Jerry Gulke sees more than a few parallels in the current Brazilian soybean situation.
“It’s déjà vu all over again,” says Gulke, president of the Gulke Group in Chicago. “We went through this last fall, in October, when the market was expecting a lot of beans coming to market because of the late harvest and didn’t get them. We didn’t get the piles [of beans], the farmers dumping them. Now we are seeing that in South America.”
Just like in the U.S., farmers in Brazil and Argentina are holding on to their soybeans, waiting until the price is right for them to sell.
“I think both the U.S. farmer and the South American farmer is getting a little bit smarter,” Gulke says.
Listen to Gulke's full analysis here on Farm Journal Radio:
Of course, right now the two groups are at very different times in the cycle. In Brazil, it’s harvest season, but in the U.S., farmers are focused on price guarantees and planting decisions.

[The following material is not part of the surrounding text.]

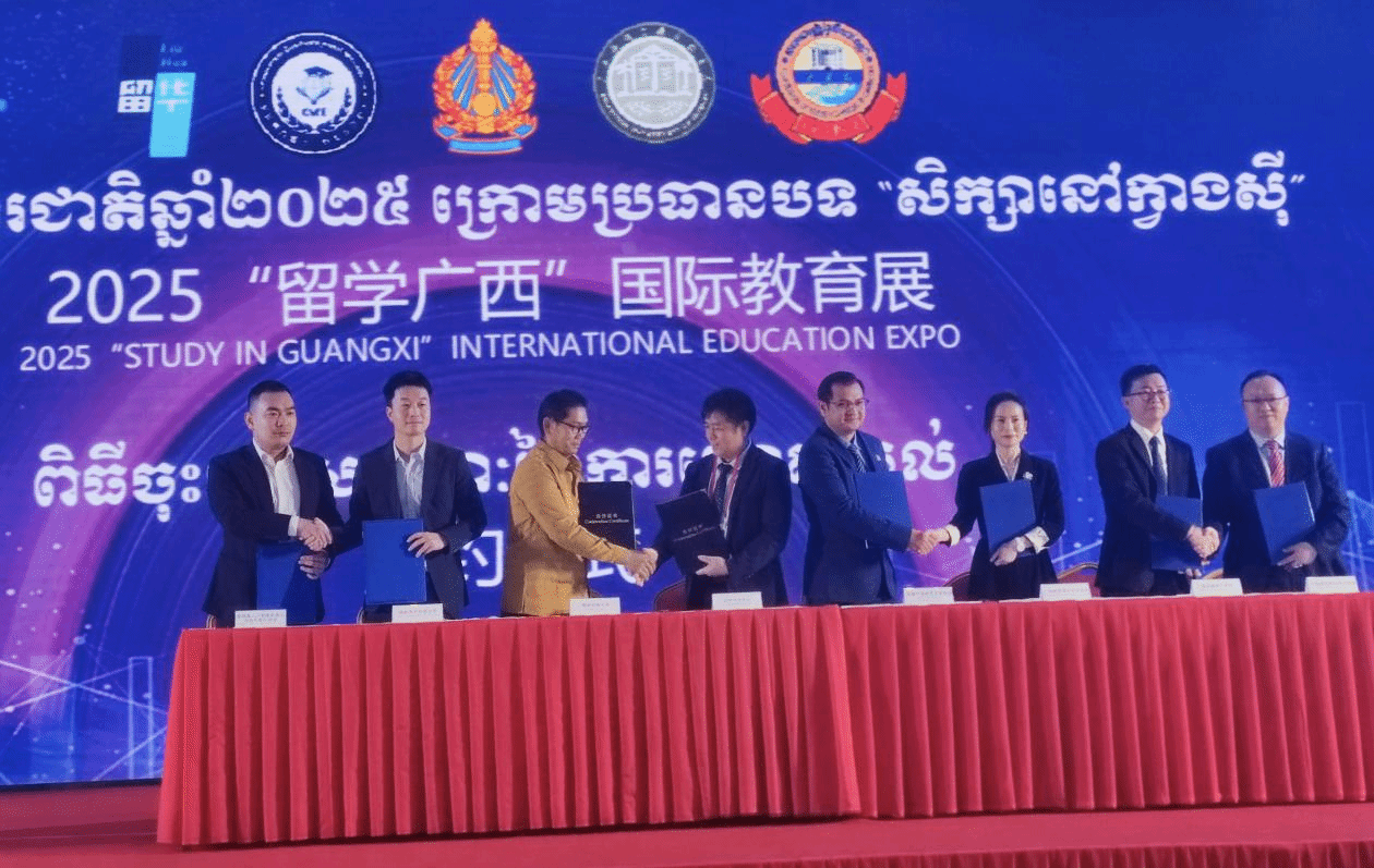 访问团先后拜访了广西华蓝集团柬埔寨办事处(以下简称“华蓝柬埔寨办事处”)、柬埔寨劳动与职业培训部(以下简称“柬埔寨劳工部”)、中国建筑第四工程局(柬埔寨)有限公司(以下简称“中建四局柬埔寨公司”)、柬埔寨国家技术培训学院、柬埔寨中国学校;受邀参加了第二届中国—东南亚国际技术教育合作峰会、2025年“留学广西”国际教育展,并在由自治区教育厅和柬华理事总会共同主办的“产业•专业•职业”融合人工智能人才培养论坛(柬埔寨站)上作主旨发言。

With February at an end, many are waiting for the final crop insurance price guarantees to be announced.
Gulke, not surprisingly, has been watching the numbers closely. He expects December corn to be priced around $4.14, “plus a volatility factor” and soybeans to be $9.66, “give or take a penny.”
“Nothing gives us much incentive to plant either one. I tend to lean toward the bean side since because the demand for beans seems to be better than corn,” Gulke says. “This may be the first time we plant more beans than corn.”